Every outlet treated those percentages as settled facts. They are estimates, built on an indirect questioning technique the paper itself describes in terms that received almost no coverage.
To estimate cheating rates, researchers used list randomization. Students were randomly assigned to one of two groups. One group answered how many of three non-sensitive statements about AI use applied to them. The other received the same three statements plus a fourth: the sensitive one about submitting AI-generated work as their own. Nobody said which statement was true. Respondents reported only a number. The researchers used that number to infer the population-level cheating rate.
This is not a minor technical distinction. List randomization produces a population estimate. It cannot identify which individual student cheated, cannot be compared against a student's specific assignment, and cannot tell a dean or a professor that a particular piece of work was AI-generated. It tells you roughly how many people in the group did it, on average — under conditions that may not reflect how students actually behave when stakes are real and visible. The paper's authors note the 9 percent estimate is likely conservative because some students may not recognize their GenAI use as a violation. The estimate is also two years old. GenAI tools have grown significantly more capable since March 2024.

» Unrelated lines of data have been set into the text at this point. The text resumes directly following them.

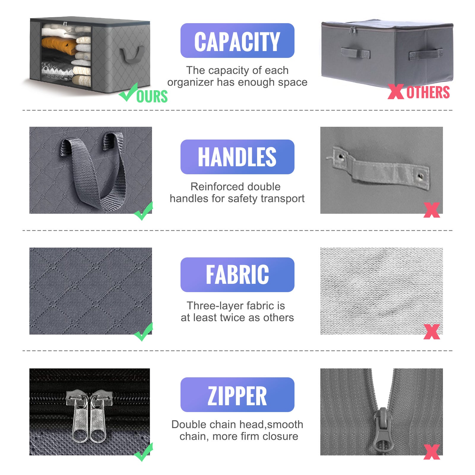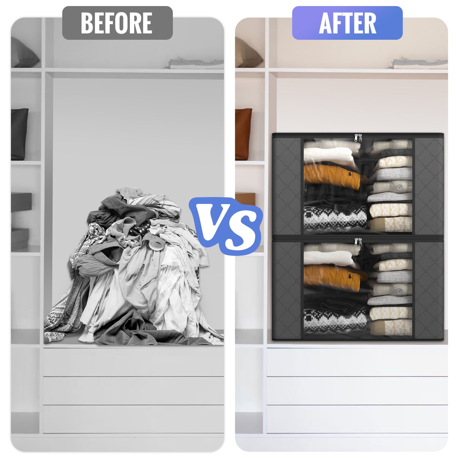 This Storage Bags with strong reinfored carry handles is a must have for your house. It can be placed in bathroom, living room, kids' room, etc. perfect for keeping clothes, quilts, blankets, duvets, which can make it easy for you to organize like a pro. It is specifically made to keep your clothes safe from dust and moisture while allowing the fabric to breathe, keeping your wardrobe neat and organized. The handy carrying handle makes it portable. It is easy to create the storage plan that works best for you-in any room of your home!
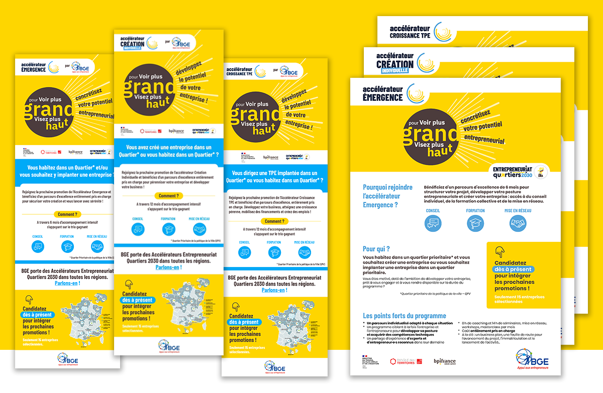 BGE, opérateur pour BPI France sur la partie Accélérateurs, a développé une identité et des outils pour promouvoir l’Accélérateur Croissance TPE, l’Accélérateur Création individuelle et l’Accélérateur Emergence.
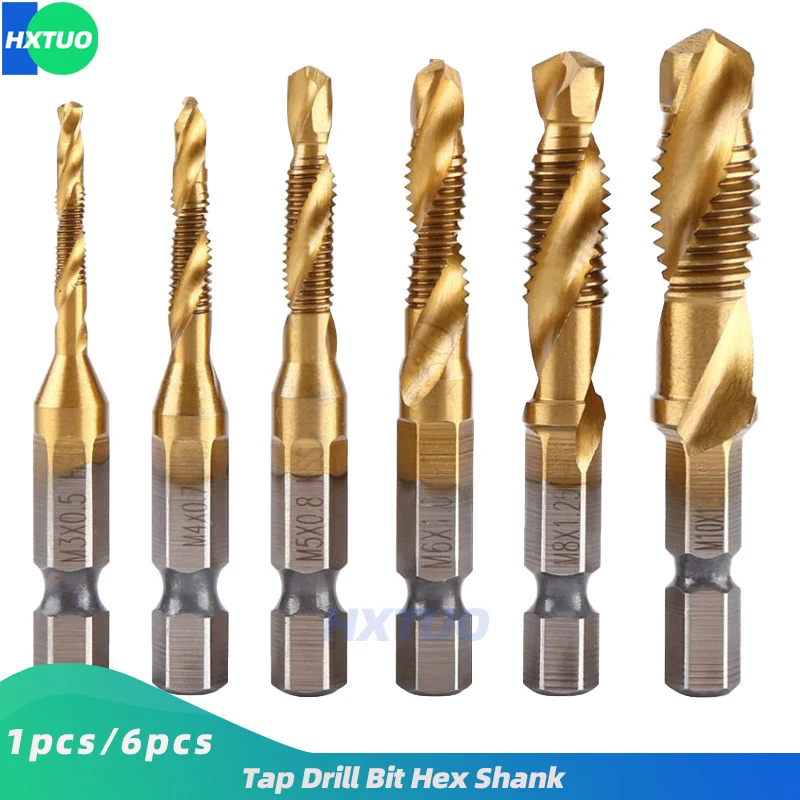 1 шт./6 шт. сверло с шестигранным хвостовиком с титановым покрытием винт из быстрорежущей стали резьбовое сверло винтовой станок составной кран M3 M4 M5 M6 M8 M10 инструменты для сверления
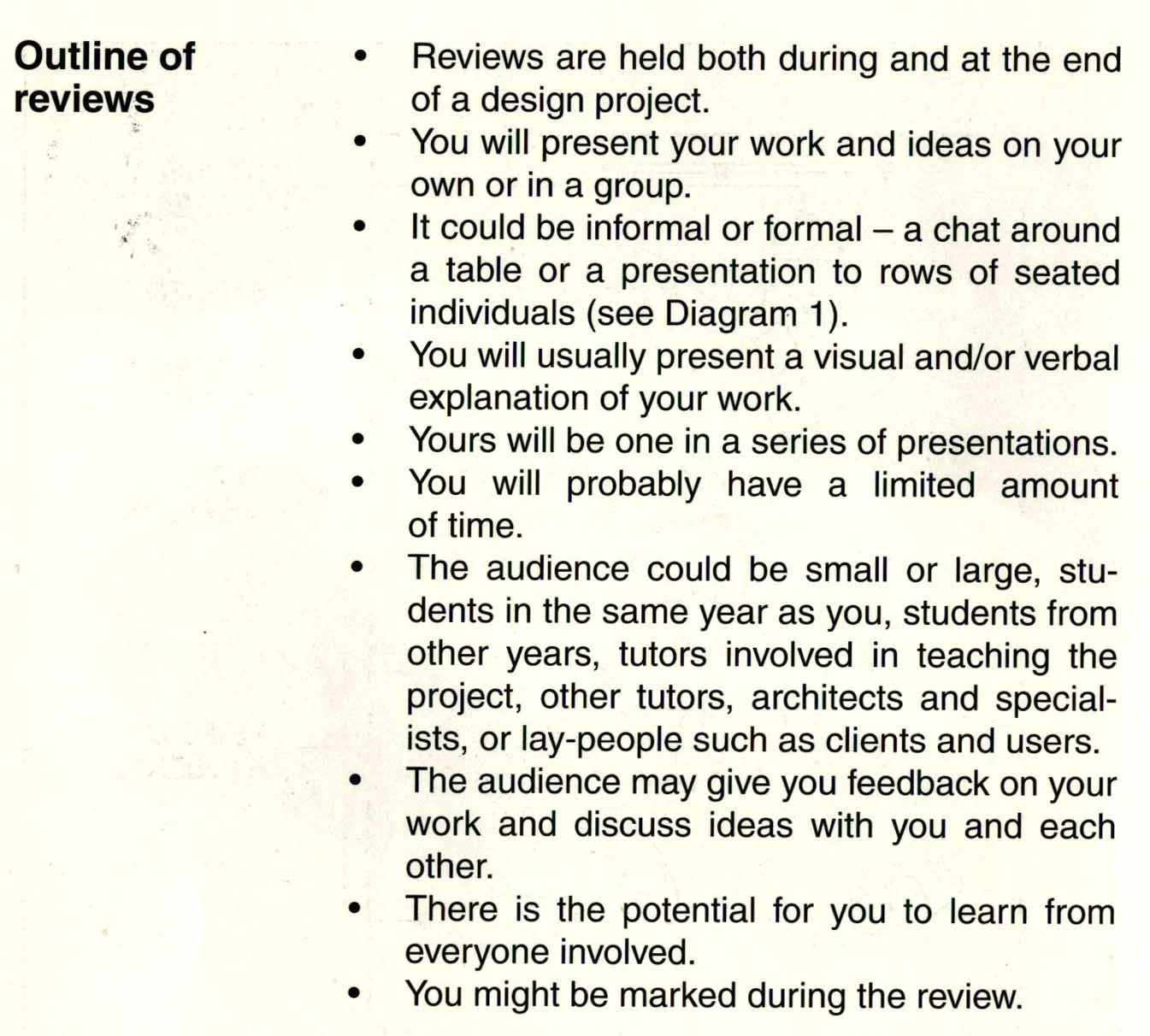 Reading 9: From The Crit: An Architecture Student's Handbook, pp. 4, 6, & 7.
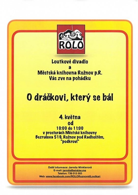 Rožnov pod Radhoštěm 4. 5. 2019 od 10:00 O DRÁČKOVI, KTERÝ SE BÁL
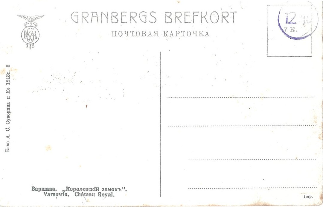 Granbergs Brefkort. Varsovie. Chateau Royal.
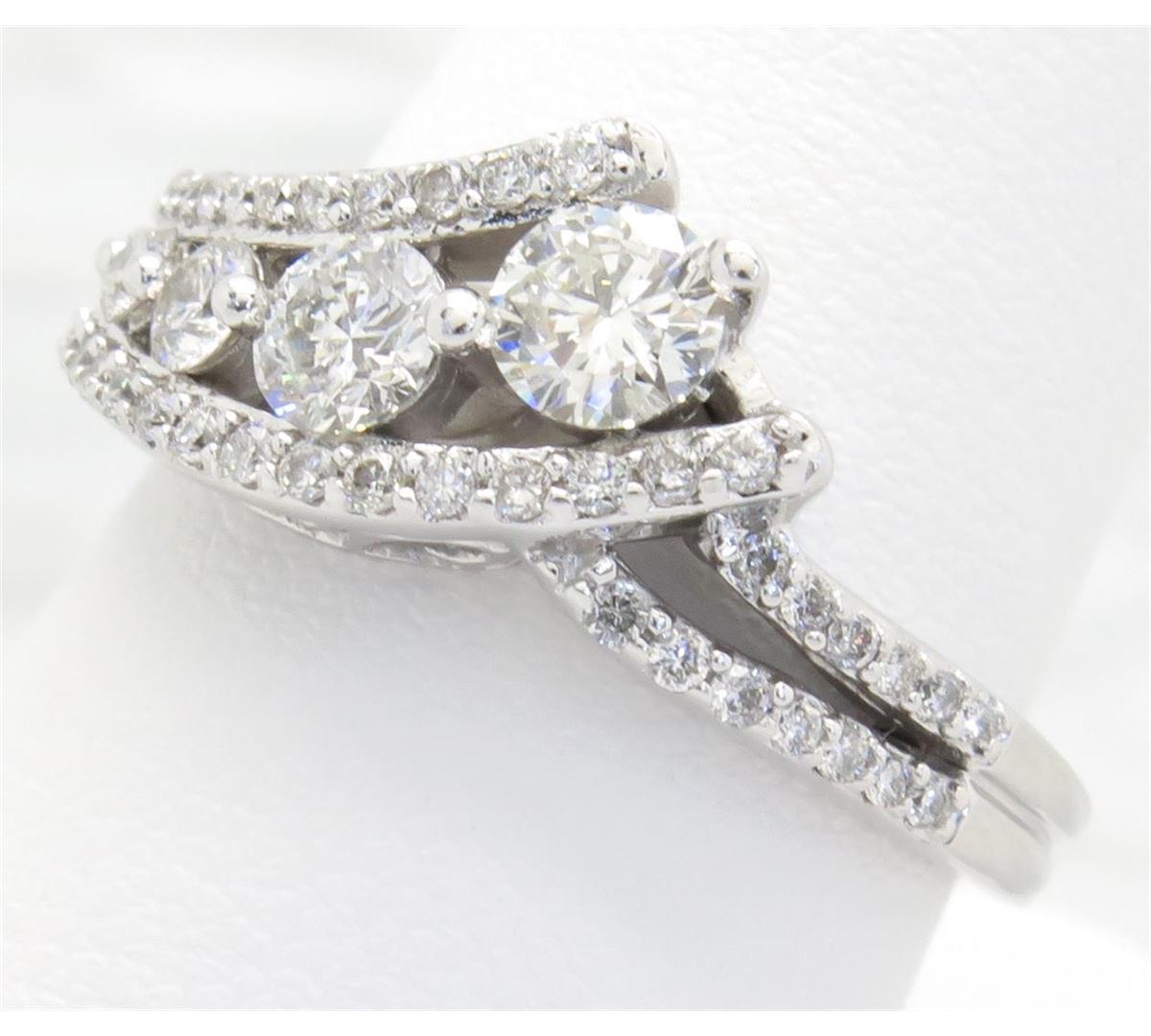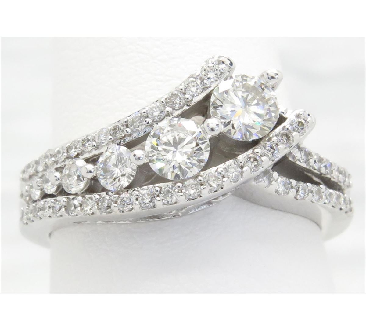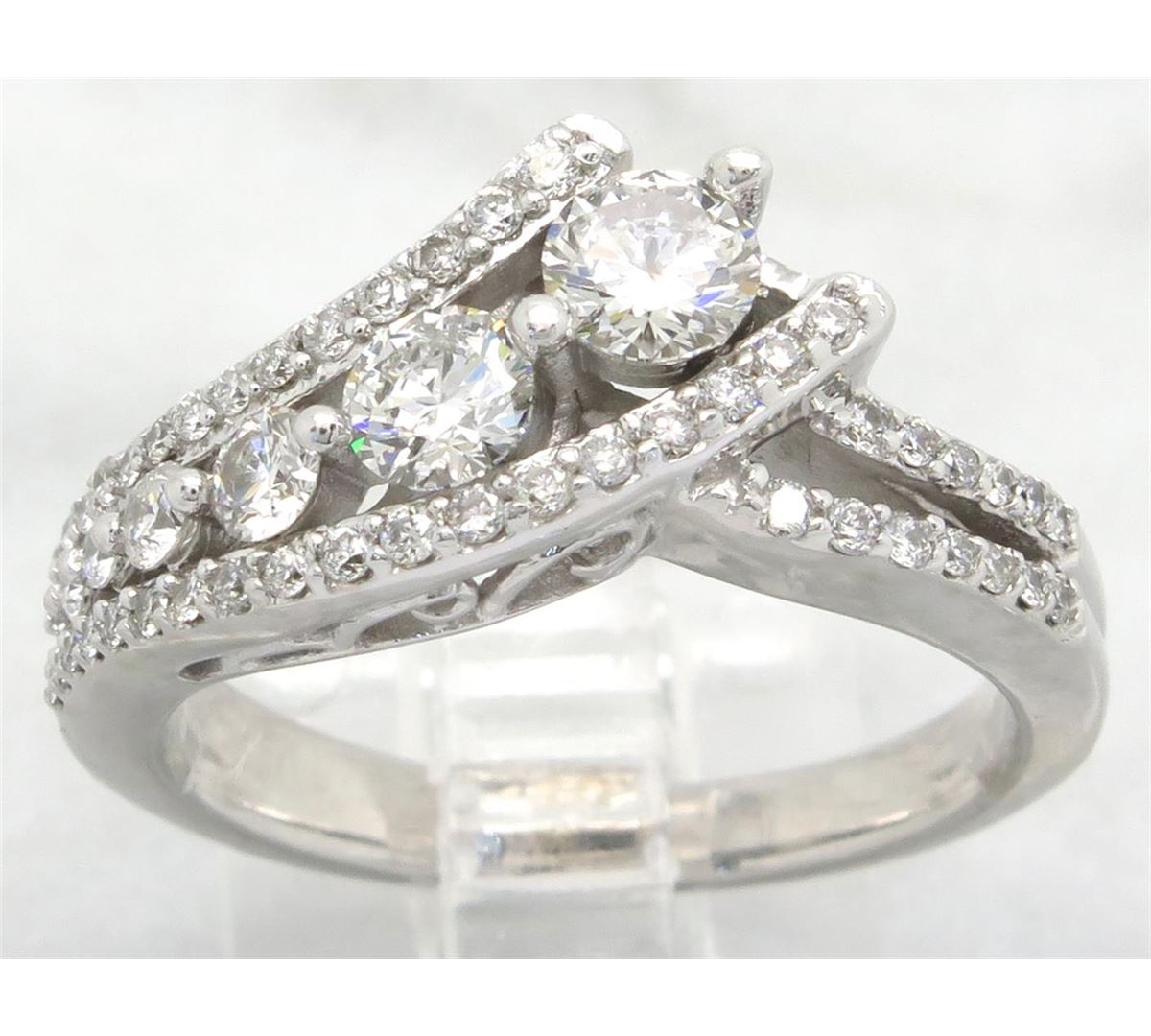 One tested 14K white gold diamond ring. Containing: 52 Round Brilliant Cut Diamonds. Clarity: I-SI, Color: G-H. Approximate total diamond weight: .89CTW. Diamonds are graded in the mounting, unless otherwise stated. Weight of ring: 6.0 grams. Size: 7.0.
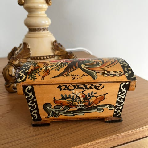 Et gammelt treskrin som kan brukes til diverse ting selges kr 90.
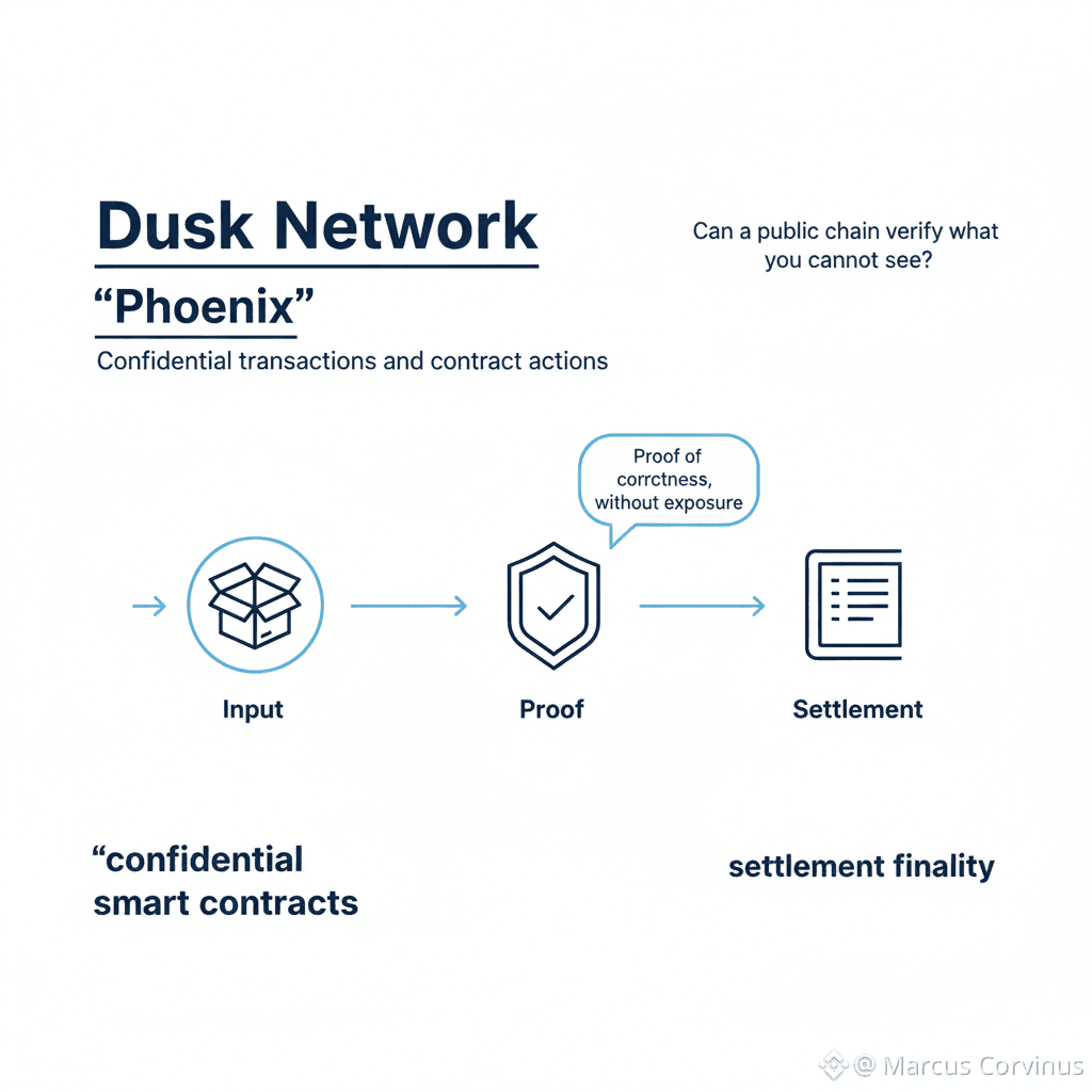 The project centers itself on "confidential smart contracts", which sounds abstract until you slow down and think about what contracts actually do. A smart contract is where decisions happen. It is where conditions are checked, balances are updated, and rules are enforced. On most chains, all of that logic runs in public. Dusk takes a different path. The idea is that a contract should be able to execute correctly while keeping sensitive inputs private, then produce proof that the rules were followed. The chain learns that something valid happened, without learning everything about how it happened. That single shift changes what is possible.
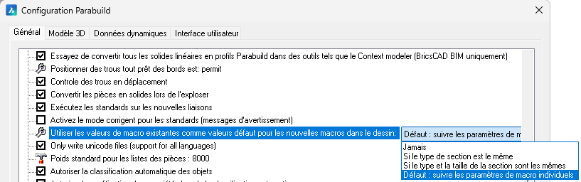 Cette opération va enregistrer les nouvelles propriétés Parabuild dans l'installation AutoCAD.

The same paper contains a passage about detection that received even less attention. Text-based detection methods are imperfect and likely to miss GenAI use when AI-assisted text is substantially edited, the authors write, "underscoring detection as an evolving cat-and-mouse problem rather than a settled technical solution." The researchers who produced the survey numbers that universities are citing as justification for policy changes are also saying, in the same paper, that the tools being deployed to catch what they measured do not reliably work.
Princeton's response illustrates the dynamic. The faculty abolished a 133-year tradition of unsupervised exams to require proctors. Columbia computer science professors are redesigning assessments to emphasize oral defense of work rather than the work itself. Across higher education, institutions are responding to a quantified problem with instruments the quantifiers say are unreliable.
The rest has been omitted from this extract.